In Ruby 1.9, if the argument to open
has a method named to_open
, then that method is called and
should return an opened IO
object.
Another way to obtain an IO
object is to
use the stringio
library to read
from or write to a string:
require "stringio" input = StringIO.open("now is the time") # Read from this string buffer = "" output = StringIO.open(buffer, "w") # Write into buffer
The StringIO
class is not a
subclass of IO
, but it defines
many of the same methods as IO
does, and duck typing usually allows us to use a StringIO
object in place of an IO
object.
Ruby predefines a number of streams that can be used without
being created or opened. The global constants STDIN
, STDOUT
, and STDERR
are the standard input stream, the
standard output stream, and the standard error stream, respectively.
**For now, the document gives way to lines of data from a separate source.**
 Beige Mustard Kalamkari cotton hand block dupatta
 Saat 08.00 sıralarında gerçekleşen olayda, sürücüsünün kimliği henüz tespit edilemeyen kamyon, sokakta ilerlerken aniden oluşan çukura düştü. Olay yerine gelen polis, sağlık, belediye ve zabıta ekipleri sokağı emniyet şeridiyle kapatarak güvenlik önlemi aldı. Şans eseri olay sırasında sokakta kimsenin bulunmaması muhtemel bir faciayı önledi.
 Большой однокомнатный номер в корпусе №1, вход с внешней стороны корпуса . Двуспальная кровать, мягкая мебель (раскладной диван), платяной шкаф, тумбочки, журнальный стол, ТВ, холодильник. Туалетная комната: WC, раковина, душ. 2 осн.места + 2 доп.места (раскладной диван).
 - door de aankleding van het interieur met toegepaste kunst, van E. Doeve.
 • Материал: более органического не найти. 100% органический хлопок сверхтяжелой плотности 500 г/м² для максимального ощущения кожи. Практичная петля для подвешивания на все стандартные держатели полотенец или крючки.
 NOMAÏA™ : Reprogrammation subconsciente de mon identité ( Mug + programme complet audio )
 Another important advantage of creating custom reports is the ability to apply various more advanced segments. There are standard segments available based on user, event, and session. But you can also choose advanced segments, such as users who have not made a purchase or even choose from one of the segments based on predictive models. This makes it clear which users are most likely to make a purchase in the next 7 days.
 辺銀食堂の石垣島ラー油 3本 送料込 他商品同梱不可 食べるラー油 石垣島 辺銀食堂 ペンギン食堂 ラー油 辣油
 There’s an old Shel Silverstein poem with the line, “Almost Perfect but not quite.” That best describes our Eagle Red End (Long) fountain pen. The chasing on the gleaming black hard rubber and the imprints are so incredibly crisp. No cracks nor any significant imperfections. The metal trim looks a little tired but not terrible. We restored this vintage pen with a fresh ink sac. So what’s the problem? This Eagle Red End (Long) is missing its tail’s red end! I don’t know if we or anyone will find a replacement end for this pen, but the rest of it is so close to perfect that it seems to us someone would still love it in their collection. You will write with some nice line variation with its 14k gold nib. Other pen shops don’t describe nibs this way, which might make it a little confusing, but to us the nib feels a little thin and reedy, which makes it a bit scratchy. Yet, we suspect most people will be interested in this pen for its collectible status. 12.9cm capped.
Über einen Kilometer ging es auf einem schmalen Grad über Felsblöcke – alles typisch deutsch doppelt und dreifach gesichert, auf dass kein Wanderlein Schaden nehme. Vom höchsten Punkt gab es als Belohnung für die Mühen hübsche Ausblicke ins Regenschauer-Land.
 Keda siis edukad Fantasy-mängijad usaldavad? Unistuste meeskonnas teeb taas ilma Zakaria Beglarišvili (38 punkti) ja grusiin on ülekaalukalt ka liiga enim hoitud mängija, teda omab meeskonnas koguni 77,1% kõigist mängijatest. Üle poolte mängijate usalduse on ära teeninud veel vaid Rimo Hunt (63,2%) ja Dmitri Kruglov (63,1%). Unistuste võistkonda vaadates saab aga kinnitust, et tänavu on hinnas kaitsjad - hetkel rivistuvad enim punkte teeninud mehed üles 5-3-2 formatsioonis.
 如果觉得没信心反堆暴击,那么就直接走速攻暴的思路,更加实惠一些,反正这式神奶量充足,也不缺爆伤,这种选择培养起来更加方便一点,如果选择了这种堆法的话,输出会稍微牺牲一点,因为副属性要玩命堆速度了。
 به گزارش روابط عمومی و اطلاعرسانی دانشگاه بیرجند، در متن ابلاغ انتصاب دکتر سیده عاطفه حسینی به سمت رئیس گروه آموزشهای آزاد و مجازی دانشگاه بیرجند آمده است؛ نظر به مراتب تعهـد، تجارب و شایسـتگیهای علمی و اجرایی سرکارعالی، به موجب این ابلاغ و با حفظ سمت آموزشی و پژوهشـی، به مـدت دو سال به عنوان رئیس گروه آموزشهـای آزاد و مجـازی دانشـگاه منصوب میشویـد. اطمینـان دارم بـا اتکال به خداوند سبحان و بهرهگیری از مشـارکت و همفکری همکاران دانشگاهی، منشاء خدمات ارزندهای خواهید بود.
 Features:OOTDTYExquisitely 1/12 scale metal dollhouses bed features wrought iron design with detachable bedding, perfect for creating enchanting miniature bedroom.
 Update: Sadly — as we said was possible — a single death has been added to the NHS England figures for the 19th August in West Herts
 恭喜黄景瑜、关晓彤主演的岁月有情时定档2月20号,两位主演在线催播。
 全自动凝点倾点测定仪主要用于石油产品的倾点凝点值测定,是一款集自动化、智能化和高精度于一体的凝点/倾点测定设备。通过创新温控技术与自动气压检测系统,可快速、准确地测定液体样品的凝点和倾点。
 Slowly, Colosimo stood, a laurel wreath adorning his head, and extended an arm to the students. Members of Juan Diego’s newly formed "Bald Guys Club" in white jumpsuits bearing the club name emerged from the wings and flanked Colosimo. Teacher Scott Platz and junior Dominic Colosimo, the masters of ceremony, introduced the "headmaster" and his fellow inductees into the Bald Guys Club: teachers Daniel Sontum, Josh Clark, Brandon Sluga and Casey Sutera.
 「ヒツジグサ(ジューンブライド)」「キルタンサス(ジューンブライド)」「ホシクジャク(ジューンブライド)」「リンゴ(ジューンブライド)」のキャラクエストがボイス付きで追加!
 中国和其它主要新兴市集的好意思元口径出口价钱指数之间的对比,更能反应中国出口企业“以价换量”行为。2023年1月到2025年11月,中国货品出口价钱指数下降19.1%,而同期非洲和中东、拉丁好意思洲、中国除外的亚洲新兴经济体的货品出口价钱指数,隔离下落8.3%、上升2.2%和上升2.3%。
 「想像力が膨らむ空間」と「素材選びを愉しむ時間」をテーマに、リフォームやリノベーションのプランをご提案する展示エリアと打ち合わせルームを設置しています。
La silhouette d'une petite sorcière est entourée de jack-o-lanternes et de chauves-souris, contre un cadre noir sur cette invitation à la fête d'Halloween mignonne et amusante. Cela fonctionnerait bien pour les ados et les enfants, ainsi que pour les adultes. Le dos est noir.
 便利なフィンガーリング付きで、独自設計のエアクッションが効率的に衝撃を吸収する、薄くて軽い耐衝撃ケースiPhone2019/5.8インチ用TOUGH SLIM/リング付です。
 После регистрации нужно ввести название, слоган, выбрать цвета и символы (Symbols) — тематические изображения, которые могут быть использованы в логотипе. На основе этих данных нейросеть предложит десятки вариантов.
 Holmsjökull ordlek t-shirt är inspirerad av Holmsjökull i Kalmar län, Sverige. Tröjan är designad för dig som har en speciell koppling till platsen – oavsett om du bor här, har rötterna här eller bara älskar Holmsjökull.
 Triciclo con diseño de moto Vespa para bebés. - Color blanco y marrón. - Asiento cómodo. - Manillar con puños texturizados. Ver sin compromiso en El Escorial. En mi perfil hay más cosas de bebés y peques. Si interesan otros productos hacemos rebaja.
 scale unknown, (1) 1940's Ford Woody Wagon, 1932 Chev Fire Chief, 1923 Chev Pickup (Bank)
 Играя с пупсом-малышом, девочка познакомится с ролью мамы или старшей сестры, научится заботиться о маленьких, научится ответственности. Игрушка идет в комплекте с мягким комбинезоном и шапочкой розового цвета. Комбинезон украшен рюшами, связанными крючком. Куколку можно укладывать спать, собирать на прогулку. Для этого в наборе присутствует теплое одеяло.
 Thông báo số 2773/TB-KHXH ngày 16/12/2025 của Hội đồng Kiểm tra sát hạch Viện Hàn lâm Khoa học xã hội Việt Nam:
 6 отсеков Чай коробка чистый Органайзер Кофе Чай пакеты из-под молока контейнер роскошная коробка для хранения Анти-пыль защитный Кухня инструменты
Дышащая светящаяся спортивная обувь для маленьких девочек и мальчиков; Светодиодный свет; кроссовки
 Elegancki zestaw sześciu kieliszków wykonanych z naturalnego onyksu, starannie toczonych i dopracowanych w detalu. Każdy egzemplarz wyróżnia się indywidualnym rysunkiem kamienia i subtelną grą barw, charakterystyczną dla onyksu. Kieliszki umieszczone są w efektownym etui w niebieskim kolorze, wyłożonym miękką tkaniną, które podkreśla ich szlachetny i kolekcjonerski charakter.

By default, these streams are connected to the user’s console or a
terminal window of some sort. Depending on how your Ruby script is
invoked, they may instead use a file, or even another process, as a
source of input or a destination for output. Any Ruby program can
read from standard input and write to standard output (for normal
program output) or standard error (for error messages that should be
seen even if the standard output is redirected to a file). The
global variables $stdin
, $stdout
, and $stderr
are initially set to the same
values as the stream constants. Global functions like print
and
puts
write to $stdout
by default. If a script alters the
value of this global variable, it will change the behavior of those
methods. The true “standard output” will still be
available through STDOUT
,
however.
Another predefined stream is ARGF
, or
$<
. This stream has special
behavior intended to make it simple to write scripts that read the
files specified on the command line or from standard input. If there
are command-line arguments to the Ruby script (in the ARGV
or $*
array), then the ARGF
stream acts as if those files had
been concatenated together and the single resulting file opened for
reading. In order for this to work properly, a Ruby script that
accepts command-line options other than filenames must first process
those options and remove them from the ARGV
array. If the ARGV
array is empty, then ARGF
is the same as STDIN
. (See
Input Functions for further details about the ARGF
stream.)
Finally, the DATA
stream is
designed for reading text that appears after the end of your Ruby
script. This works only if your script includes the token __END__
on a
line by itself. That token marks the end of the program text. Any
lines after the token may be read with the DATA
stream.
One of the most significant changes in Ruby 1.9 is support for
multibyte character encodings. We saw in Text that
there were many changes to the String class. There are similar changes
to the IO
class.
In Ruby 1.9, every stream can have two encodings associated with
it. These are known as the external and internal encodings, and are
returned by the external_encoding
and internal_encoding
methods of an IO
object. The
external encoding is the encoding of the text as stored in the file.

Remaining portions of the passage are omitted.